:: Available data
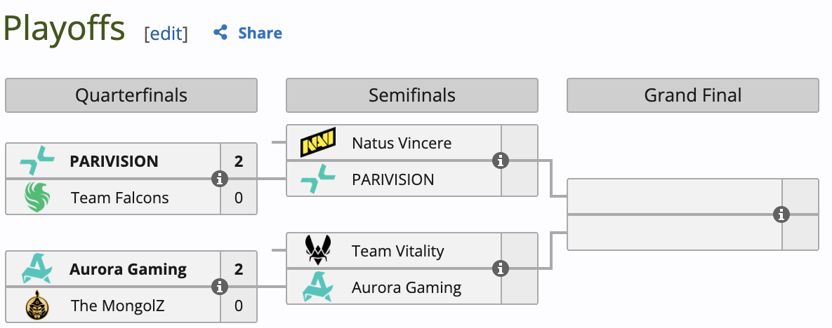 Улмаар доод хүснэгт рүү унаж Хойд Америкийн "Team Liquid" багтай тоглож 2-0 (Ancient 16-14; Mirage 13-10; Nuke 0-0) харьцаагаар, хэсгийн сүүлийн тоглолт буюу шигшээд үлдэхийн төлөө ОХУ-ын "Team Spirit" багтай өнгөрсөн шөнө тоглож 2-0 (Nuke 13-11; Overpass 13-9; Mirage 0-0) харьцаагаар хожиж, шигшээ буюу хасагдах шатанд шалгарлаа.
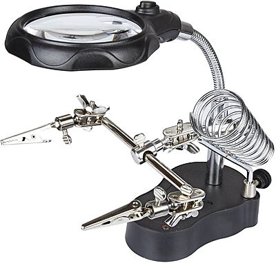 Make soldering and electronics work easier with this Soldering Stand with Helping Hand Magnifier and LED Light. It is designed to securely hold PCBs, wires, and small components while providing better visibility through a magnifying lens and focused LED lighting.
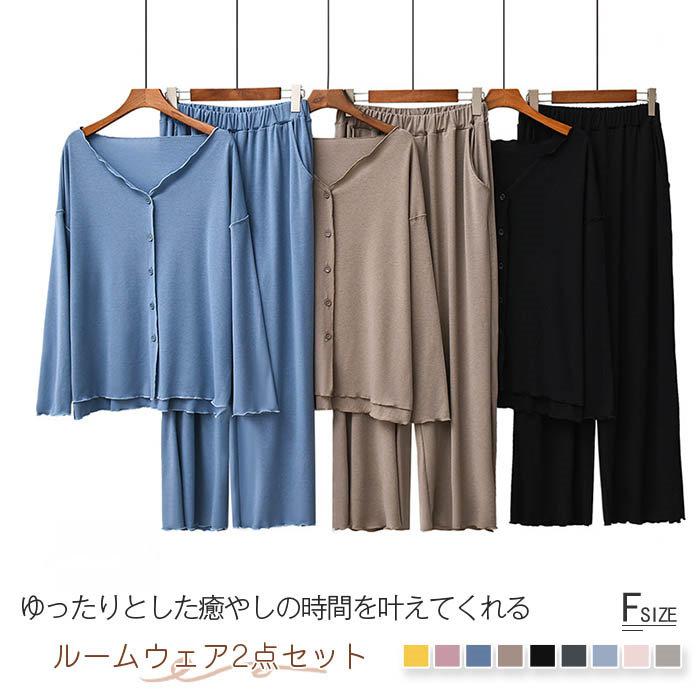 ルームウェア レディース 春夏 薄手 部屋着 モダール セットアップ パジャマ レディース 長袖 無地 前開き ロングパンツ ウエストゴム ワイドパンツ 大人 寝巻き 2点セット 上下セット
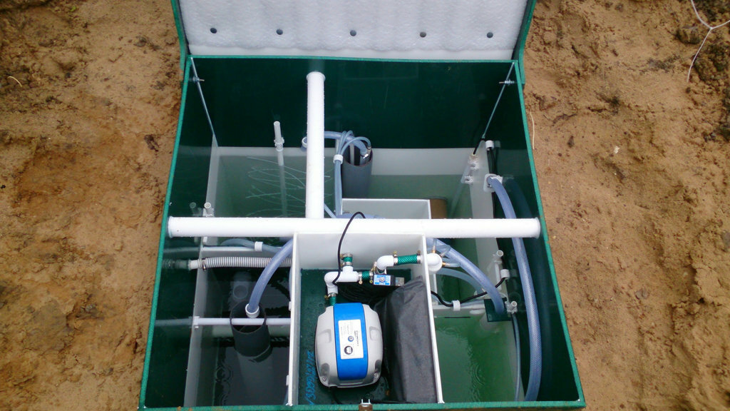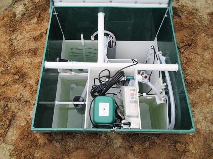 - N ° 1 - il accepte tout ce qui vient de votre maison par les canalisations d'égout.Dans cette chambre, les drains s'accumulent jusqu'à remonter au niveau supérieur. Ceci sera signalé par un flotteur, qui est équipé d'un interrupteur. Il indique à son tour au compresseur qu'il faut déverser les effluents liquides dans le compartiment suivant. Lors du déplacement des eaux usées, les grosses particules restent dans cette chambre et les liquides flottent dans la seconde. Entre eux, il y a un filtre grossier qui ne laissera pas les cheveux entrer dans la chambre n ° 2.
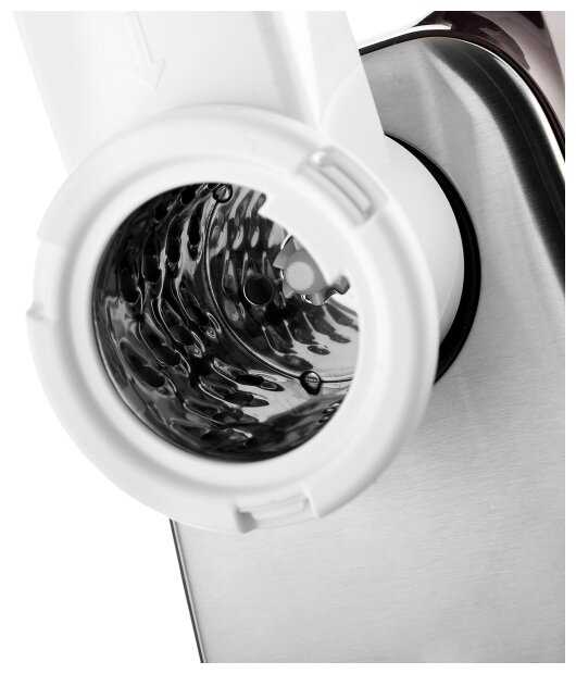Для того, чтобы пальцы не оказывались в опасной близости от вращающихся частей, есть насадки - мясная платформа, с которой кусочки можно скидывать в ородруин вращающегося лезвия и пластиковая давилка для овощей.
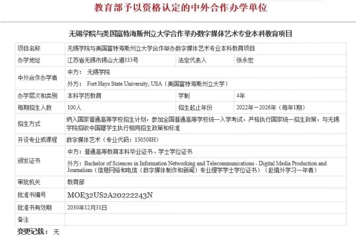 持续开拓与欧美国家高校的中外合作办学项目和国际合作交流项目,整合中外优势教育资源,探索、创新合作交流模式,与美国富特海斯州立大学合作举办的数字媒体艺术专业中外合作办学项目获教育部审批通过,已于今年9月份正式运营。细化、落实数字媒体艺术专业中外合作办学项目的各项工作, 与外方沟通联动,确保中外合作办学班的开学活动、教育教学、学生管理各项工作有序开展。
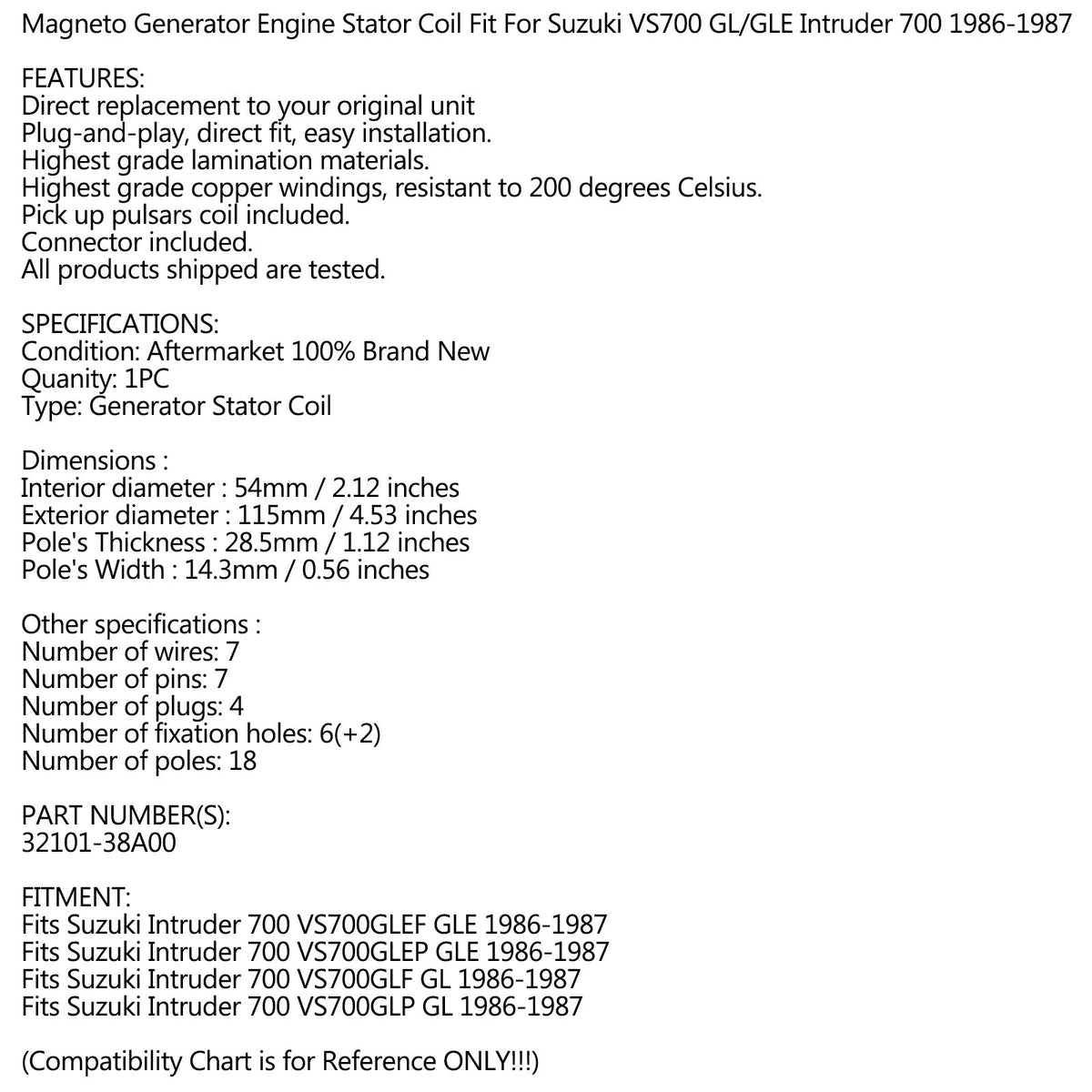 Generator Magneto Stator für Suzuki VS700 vs 700 GL Gle 1 Eindringling 700 86-87 Generic
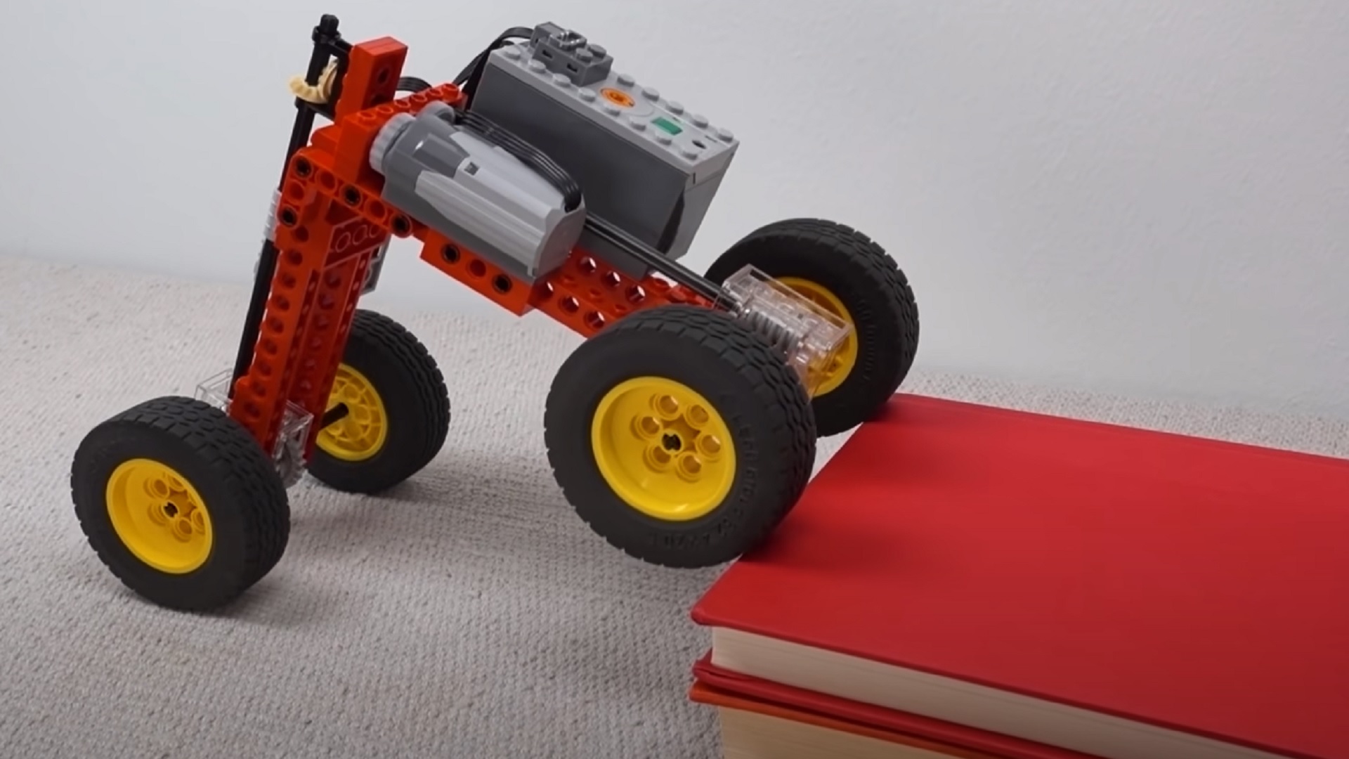 It also illustrates the importance of traction, showing the way chunkier tires grip the obstacle and smooth tires slip. Deep tread helps to keep your vehicle adhere to the surface, and four-wheel drive gives you better control. Moving pieces around on the LEGO bot shows how weight distribution affects the climb; pay attention to that before packing your vehicle for your next adventure.
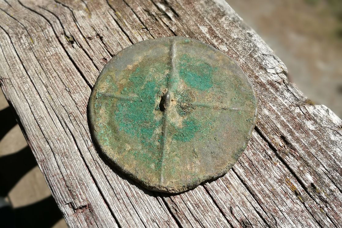 Мы не планировали раскапывать погребения, но именно их нашли и снаружи храма, и внутри него. В сумме мы «собрали» примерно 15 индивидов, но это неполные скелеты: в одних могилах не оказалось черепов, в других кости лежат не в анатомическом порядке. Мужские погребения были полностью без инвентаря, но мы нашли кое-что в женских: серебряный браслет на руке у женщины, бронзовое зеркало (судя по типологии, XI века) и бусинки от шапочки у девочки.
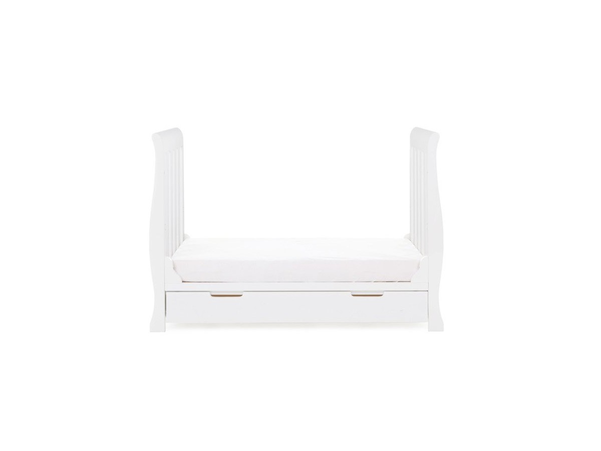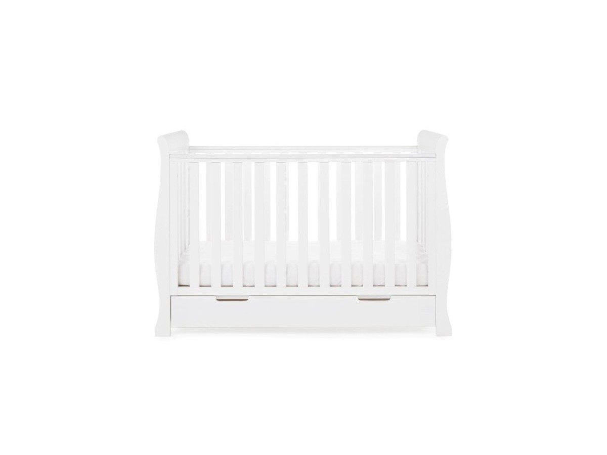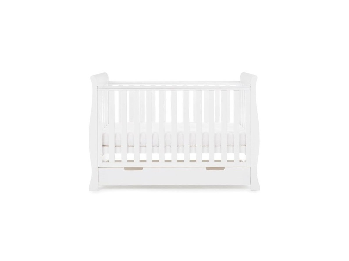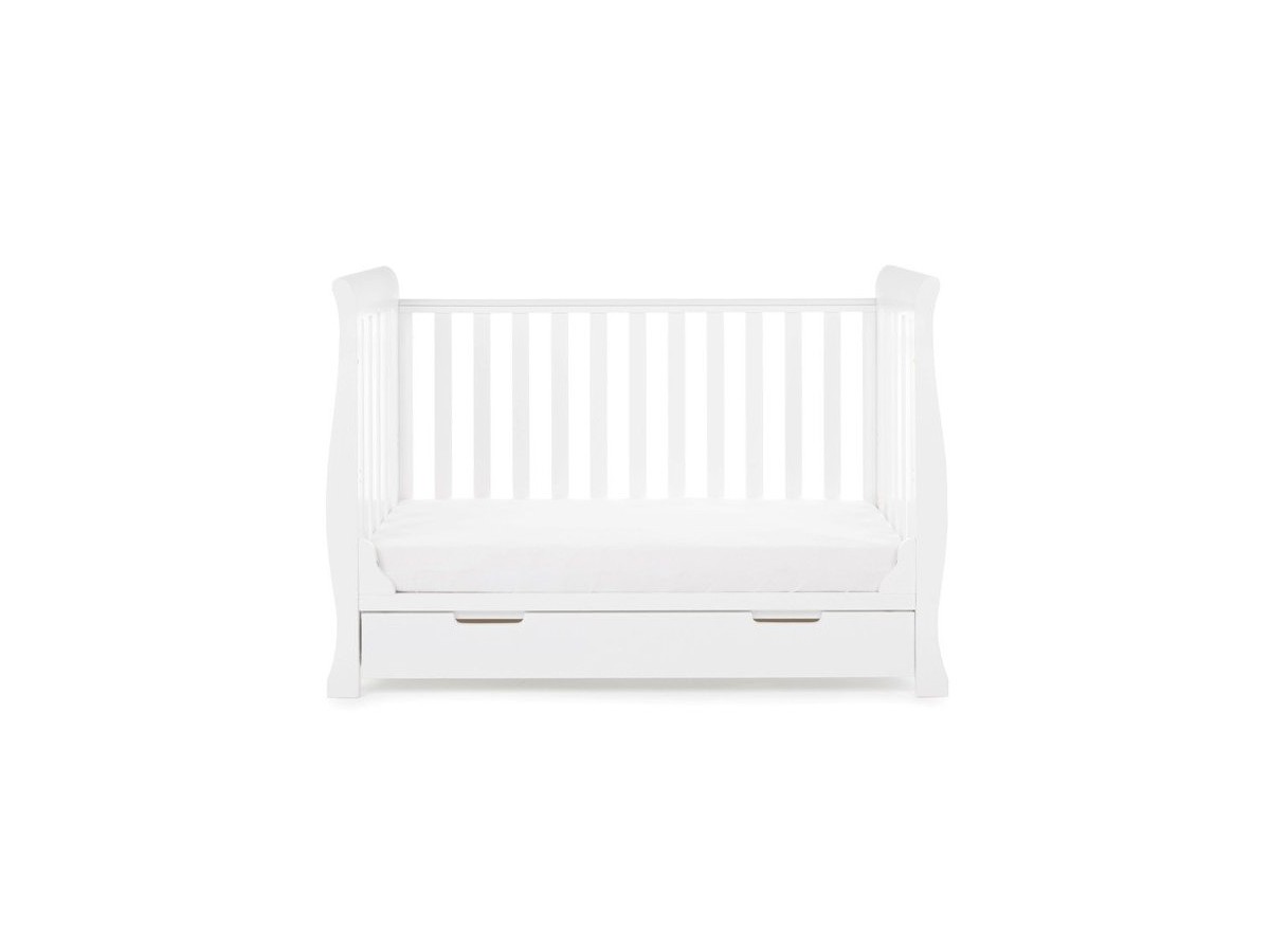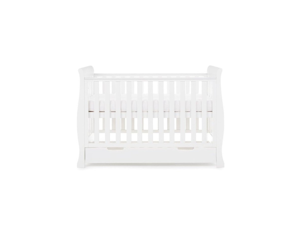 The Obaby Stamford furniture range offers families the perfect combination of style, quality and practicality. The Stamford Mini sleigh cot bed is the perfect addition to any nursery, its elegant sleigh design offers traditional styling while its slatted ends add a contemporary touch.
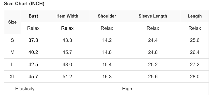 See size chart for approximate measurements
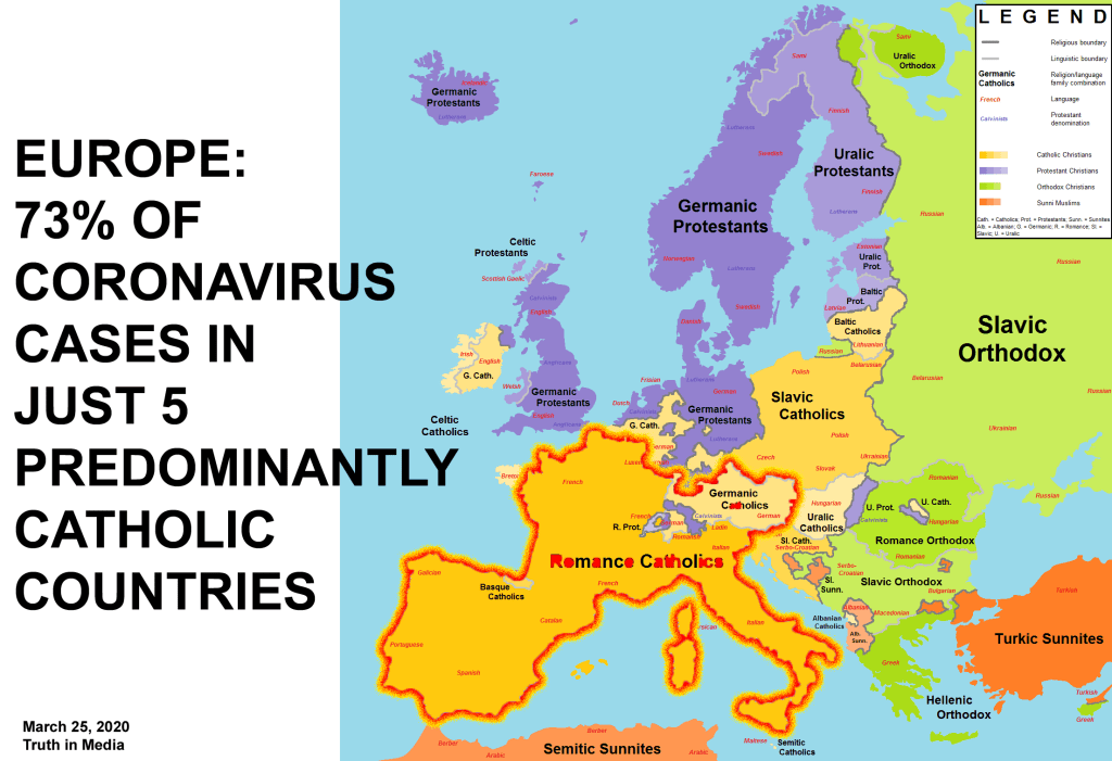 74% of all U.S. coronavirus cases are in just 8 predominantly Catholic states; 73% of all European cases are in just 5 predominantly Catholic countries
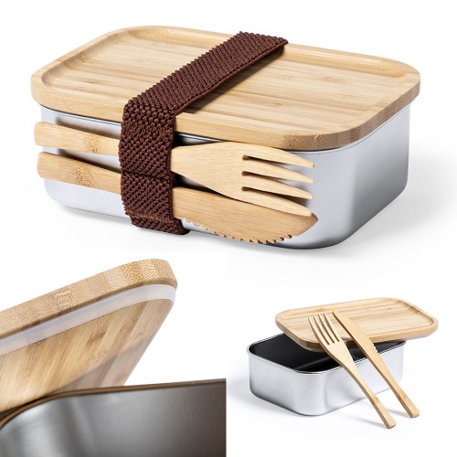 Fiambrera de línea nature. Tapadera y cubiertos fabricados en bambú, con compartimento principal en acero inox de 600 ml de capacidad. Incluye cinta de seguridad con tenedor + cuchillo y tapa hermética con banda de goma. Presentada en atractiva caja individual de diseño nature. 600 ml
::::
## [Exercise goal]
Omit every picture, and otherwise quote the entries exactly.

## [Answer for the task]
 Улмаар доод хүснэгт рүү унаж Хойд Америкийн "Team Liquid" багтай тоглож 2-0 (Ancient 16-14; Mirage 13-10; Nuke 0-0) харьцаагаар, хэсгийн сүүлийн тоглолт буюу шигшээд үлдэхийн төлөө ОХУ-ын "Team Spirit" багтай өнгөрсөн шөнө тоглож 2-0 (Nuke 13-11; Overpass 13-9; Mirage 0-0) харьцаагаар хожиж, шигшээ буюу хасагдах шатанд шалгарлаа.
 Make soldering and electronics work easier with this Soldering Stand with Helping Hand Magnifier and LED Light. It is designed to securely hold PCBs, wires, and small components while providing better visibility through a magnifying lens and focused LED lighting.
 ルームウェア レディース 春夏 薄手 部屋着 モダール セットアップ パジャマ レディース 長袖 無地 前開き ロングパンツ ウエストゴム ワイドパンツ 大人 寝巻き 2点セット 上下セット
 - N ° 1 - il accepte tout ce qui vient de votre maison par les canalisations d'égout.Dans cette chambre, les drains s'accumulent jusqu'à remonter au niveau supérieur. Ceci sera signalé par un flotteur, qui est équipé d'un interrupteur. Il indique à son tour au compresseur qu'il faut déverser les effluents liquides dans le compartiment suivant. Lors du déplacement des eaux usées, les grosses particules restent dans cette chambre et les liquides flottent dans la seconde. Entre eux, il y a un filtre grossier qui ne laissera pas les cheveux entrer dans la chambre n ° 2.
Для того, чтобы пальцы не оказывались в опасной близости от вращающихся частей, есть насадки - мясная платформа, с которой кусочки можно скидывать в ородруин вращающегося лезвия и пластиковая давилка для овощей.
 持续开拓与欧美国家高校的中外合作办学项目和国际合作交流项目,整合中外优势教育资源,探索、创新合作交流模式,与美国富特海斯州立大学合作举办的数字媒体艺术专业中外合作办学项目获教育部审批通过,已于今年9月份正式运营。细化、落实数字媒体艺术专业中外合作办学项目的各项工作, 与外方沟通联动,确保中外合作办学班的开学活动、教育教学、学生管理各项工作有序开展。
 Generator Magneto Stator für Suzuki VS700 vs 700 GL Gle 1 Eindringling 700 86-87 Generic
 It also illustrates the importance of traction, showing the way chunkier tires grip the obstacle and smooth tires slip. Deep tread helps to keep your vehicle adhere to the surface, and four-wheel drive gives you better control. Moving pieces around on the LEGO bot shows how weight distribution affects the climb; pay attention to that before packing your vehicle for your next adventure.
 Мы не планировали раскапывать погребения, но именно их нашли и снаружи храма, и внутри него. В сумме мы «собрали» примерно 15 индивидов, но это неполные скелеты: в одних могилах не оказалось черепов, в других кости лежат не в анатомическом порядке. Мужские погребения были полностью без инвентаря, но мы нашли кое-что в женских: серебряный браслет на руке у женщины, бронзовое зеркало (судя по типологии, XI века) и бусинки от шапочки у девочки.
 The Obaby Stamford furniture range offers families the perfect combination of style, quality and practicality. The Stamford Mini sleigh cot bed is the perfect addition to any nursery, its elegant sleigh design offers traditional styling while its slatted ends add a contemporary touch.
 See size chart for approximate measurements
 74% of all U.S. coronavirus cases are in just 8 predominantly Catholic states; 73% of all European cases are in just 5 predominantly Catholic countries
 Fiambrera de línea nature. Tapadera y cubiertos fabricados en bambú, con compartimento principal en acero inox de 600 ml de capacidad. Incluye cinta de seguridad con tenedor + cuchillo y tapa hermética con banda de goma. Presentada en atractiva caja individual de diseño nature. 600 ml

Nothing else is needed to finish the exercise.